BRIEF DESCRIPTION OF THE FIGURES
[0006] The present invention will be described by way of exemplary
embodiments, but not limitations, illustrated in the accompanying
drawings in which like references denote similar elements, and in
which:
[0007] FIG. 1 is an exploded view of a wrist watch form factor
electronic apparatus according to a first alternative embodiment of
the invention.
[0008] FIG. 2 is a sectional elevation view of a lower housing part
of the electronic apparatus shown in FIG. 1 according to the first
alternative embodiment of the invention.
[0009] FIG. 3 is a magnified view of a portion of the sectional
elevation view shown in FIG. 2.
[0010] FIG. 4 is an exploded view of a piezoelectric transducer
that is included in the electronic apparatus shown in FIGS. 1, 2
and 3.
[0011] FIG. 5 is a sectional elevation view of a lower housing part
of the electronic apparatus shown in FIG. 1 according to a second
alternative embodiment of the invention.
[0012] FIG. 6 is a magnified view of a portion of the sectional
elevation view shown in FIG. 5.
[0013] FIG. 7 is a perspective view of a lower housing part of the
electronic apparatus shown in FIG. 1 according to a preferred
embodiment of the invention.
[0014] FIG. 8 is a sectional elevation view of the lower housing
part shown in FIG. 7.
[0015] FIG. 9 is a perspective view of a lower housing part of the
electronic apparatus shown in FIG. 1 according to a third
alternative embodiment of the invention.
[0016] FIG. 10 is a perspective view, with a broken out portion, of
a wireless communication device according to a fourth alternative
embodiment of the invention.
[0017] FIG. 11 is a magnified view of a portion of the perspective
view shown in FIG. 10.
[0018] FIG. 12 is a sectional plan view of the wireless
communication device shown in FIG. 0.
[0019] FIG. 13 is a functional block diagram of the electronic
apparatus shown in FIG. 1 according to the preferred embodiment of
the invention.
DETAILED DESCRIPTION OF THE PREFERRED EMBODIMENTS
[0020] As required, detailed embodiments of the present invention
are disclosed herein; however, it is to be understood that the
disclosed embodiments are merely exemplary of the invention, which
can be embodied in various forms. Therefore, specific structural
and functional details disclosed herein are not to be interpreted
as limiting, but merely as a basis for the claims and as a
representative basis for teaching one skilled in the art to
variously employ the present invention in virtually any
appropriately detailed structure. Further, the terms and phrases
used herein are not intended to be limiting; but rather, to provide
an understandable description of the invention.

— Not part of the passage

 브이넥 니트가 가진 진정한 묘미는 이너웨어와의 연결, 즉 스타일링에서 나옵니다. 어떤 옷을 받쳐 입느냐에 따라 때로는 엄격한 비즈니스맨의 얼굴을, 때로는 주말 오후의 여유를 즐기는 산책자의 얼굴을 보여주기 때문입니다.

[0021] The terms a or an, as used herein, are defined as one or
more than one. The term plurality, as used herein, is defined as
two or more than two. The term another, as used herein, is defined
as at least a second or more. The terms including and/or having, as
used herein, are defined as comprising (i.e., open language). The
term coupled, as used herein, is defined as connected, although not
necessarily directly, and not necessarily mechanically. The term
program, as used herein, is defined as a sequence of instructions
designed for execution on a computer system. A program, or computer
program, may include a subroutine, a function, a procedure, an
object method, an object implementation, an executable application,
an applet, a servlet, a source code, an object code, a shared
library/dynamic load library and/or other sequence of instructions
designed for execution on a computer system.

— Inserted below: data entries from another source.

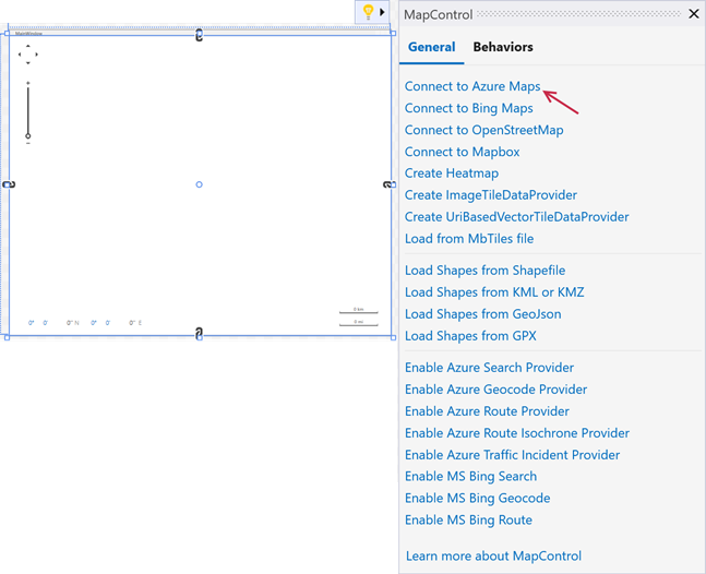 Invoke the Map Control’s smart tag menu or Quick Actions and select the Connect to Azure Maps action.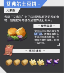 火山灰烤制的特殊土豆饼,火属性转化可破除部分敌人的寒冰护甲,在特定剧情关卡中具有关键作用。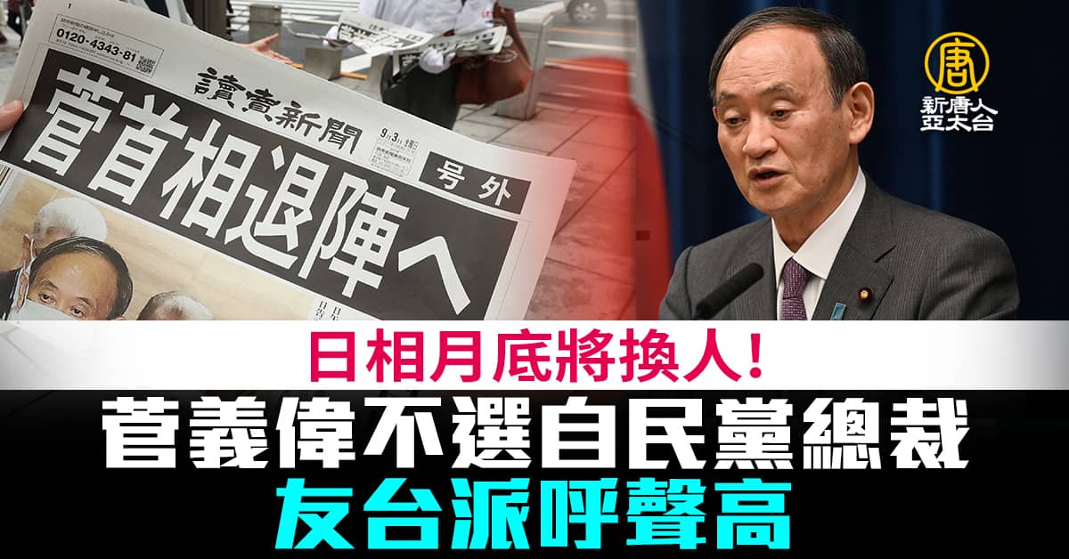 【新唐人亞太台 2021 年 09 月 03 日訊】再來看到,日本首相、自民黨總裁菅義偉今天宣布,不會參加這個月29號舉行的自民黨總裁選舉。目前已經表態參選的人當中,包括友台派岸田文雄。同樣是友臺派的前防衛大臣河野太郎,也有意競逐大位。

[0022] FIG. 1 is an exploded view of a wrist watch form factor
electronic apparatus 100 according to a first alternative
embodiment of the invention and FIG. 2 is a sectional elevation
view of a lower housing part 110 of the wrist watch form factor
electronic apparatus shown in FIG. 1. FIG. 3 is a magnified view of
a portion of the sectional elevation view shown in FIG. 2. The
electronic apparatus 100 preferably comprises a wireless
communication device. The electronic apparatus 100 includes an
upper housing part 102 that includes a crystal (face plate) 104. A
liquid crystal display (LCD) 106 is mounted below the crystal 104.

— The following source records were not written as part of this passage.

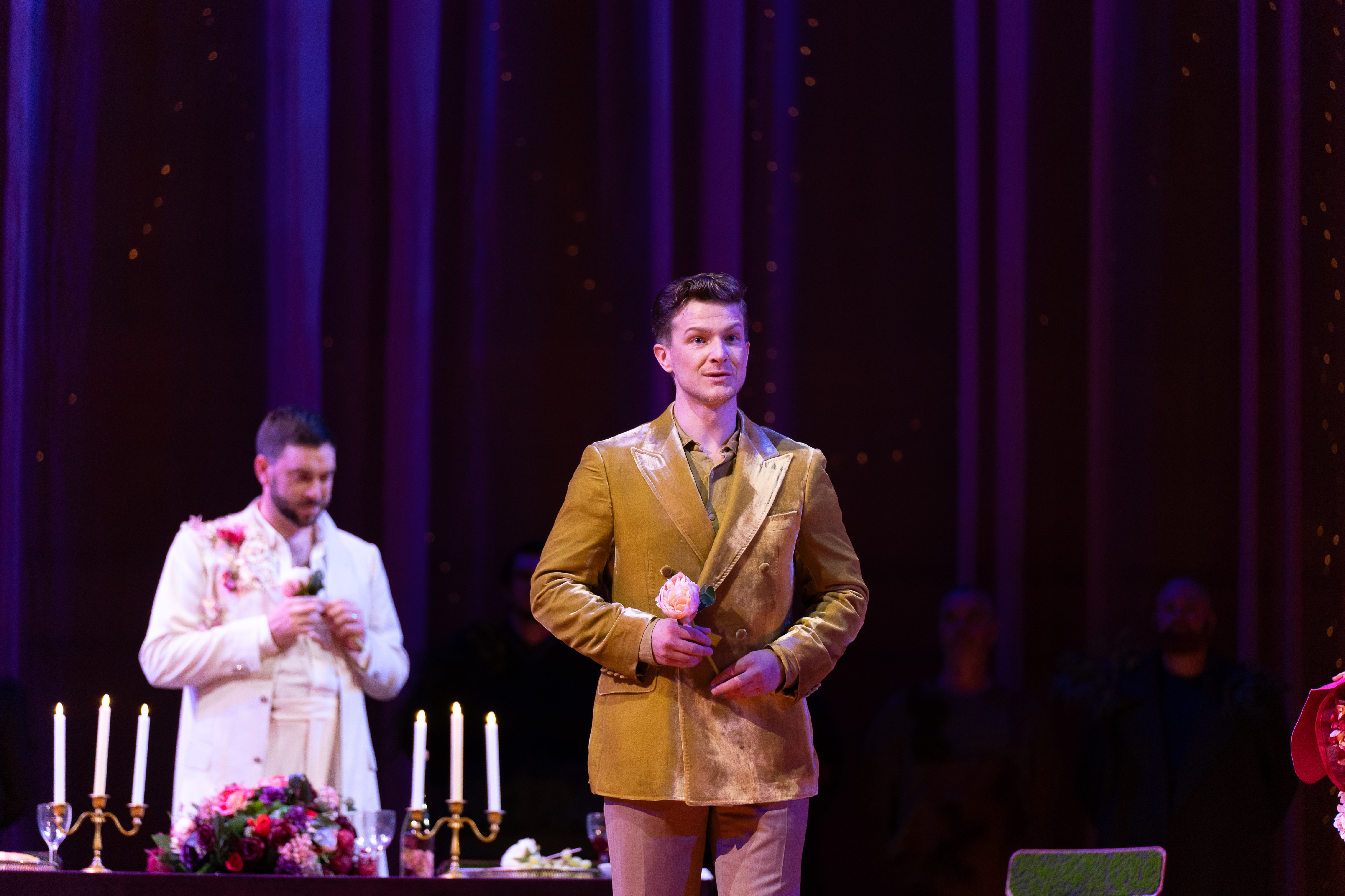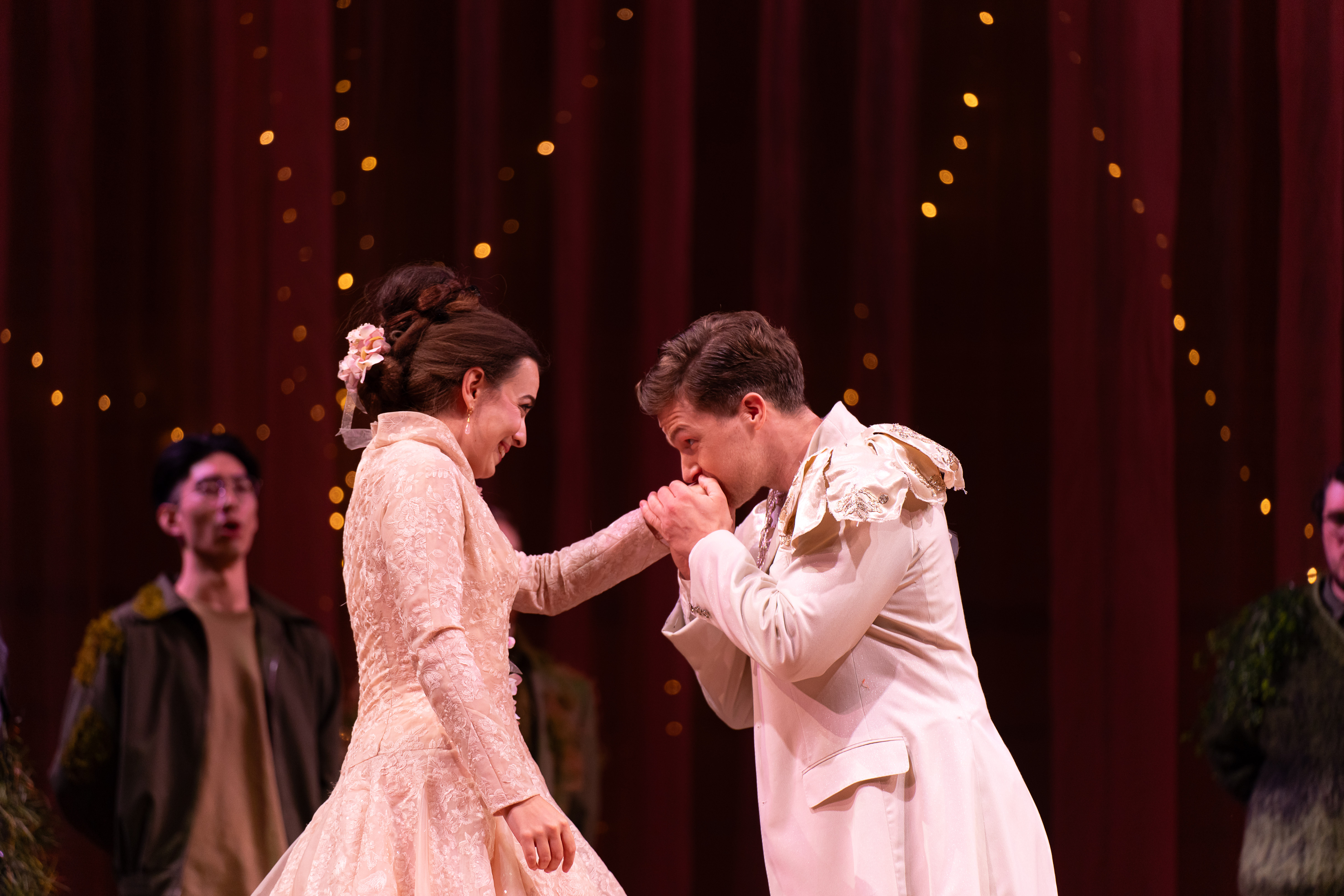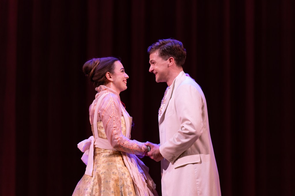 Nekoranec’s powerful voice soared over the music with incredible control and clarity, and Gaudenzi astonished with the depth and expansiveness of her singing. From their sweet and awkward first meeting to their wedding day, the two leads had a wonderful onstage chemistry and their evolving relationship was reflected in the performers’ body language.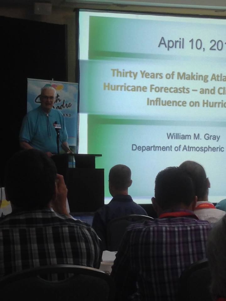 I was sadden yesterday to hear the passing of an icon in the tropical weather world. Dr. William Gray is a legend in the hurricane research world. Here are a few photos of Dr. Gray at the 2013 National Tropical Weather Conference in South Padre. Photos to post of the 2016 National Tropical Weather Conference but for now will dedicate this thread to Dr. Gray for another day.
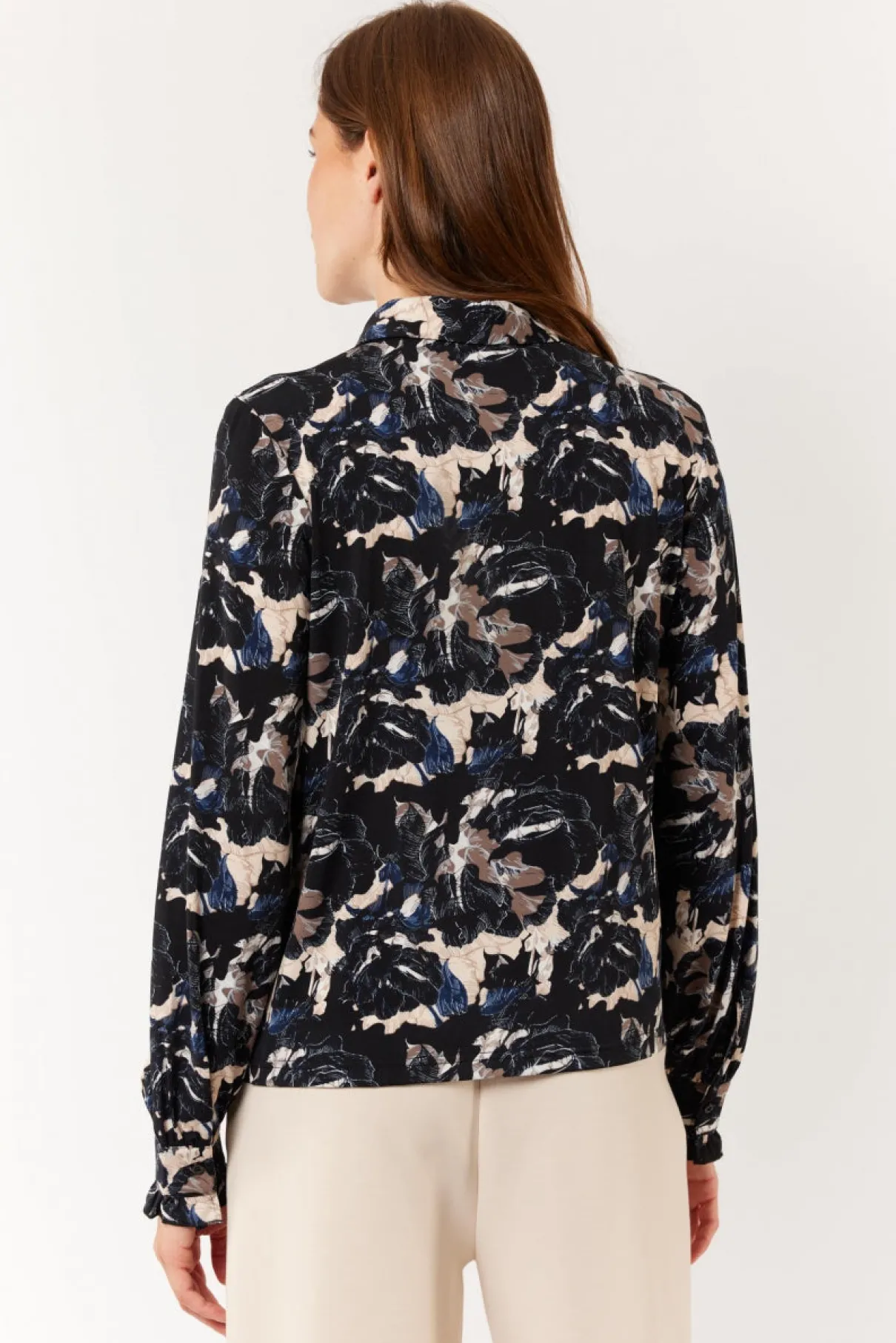 Marineblauw is één van de favoriete accentkleuren van dit najaar. Zo ook terug te vinden in het dessin van de Bobbi blouse. Deze blouse heeft een recht model met een knoopsluiting, een klassieke kraag en ruffles langs de voorzijde.

A first half of a wrist strap 109, and a second half of the wrist
strap 107 are attached to the upper housing part 102. A lower
housing part 110 that is adopted for mating with the upper housing
part 102 is also provided. The lower housing part 110 includes a
battery compartment 112. The lower housing part 110 includes a
number of screw holes 114 through which screws (not shown) are
passed in order to secure the lower housing part 110 to the upper
housing part 102.
[0023] The lower housing part 110 includes a flat wall 116. A
piezoelectric transducer 118 is unitized with the flat wall 116.
The lower housing part 110 is preferably plastic that is overmolded
with the piezoelectric transducer 118 included. The piezoelectric
transducer 118 is exposed to an interior of the electronic
apparatus 100 thorough an opening 142 in the lower housing part
110. Not covering the piezoelectric transducer 118, improves the
ability of the piezoelectric transducer 118 to flex.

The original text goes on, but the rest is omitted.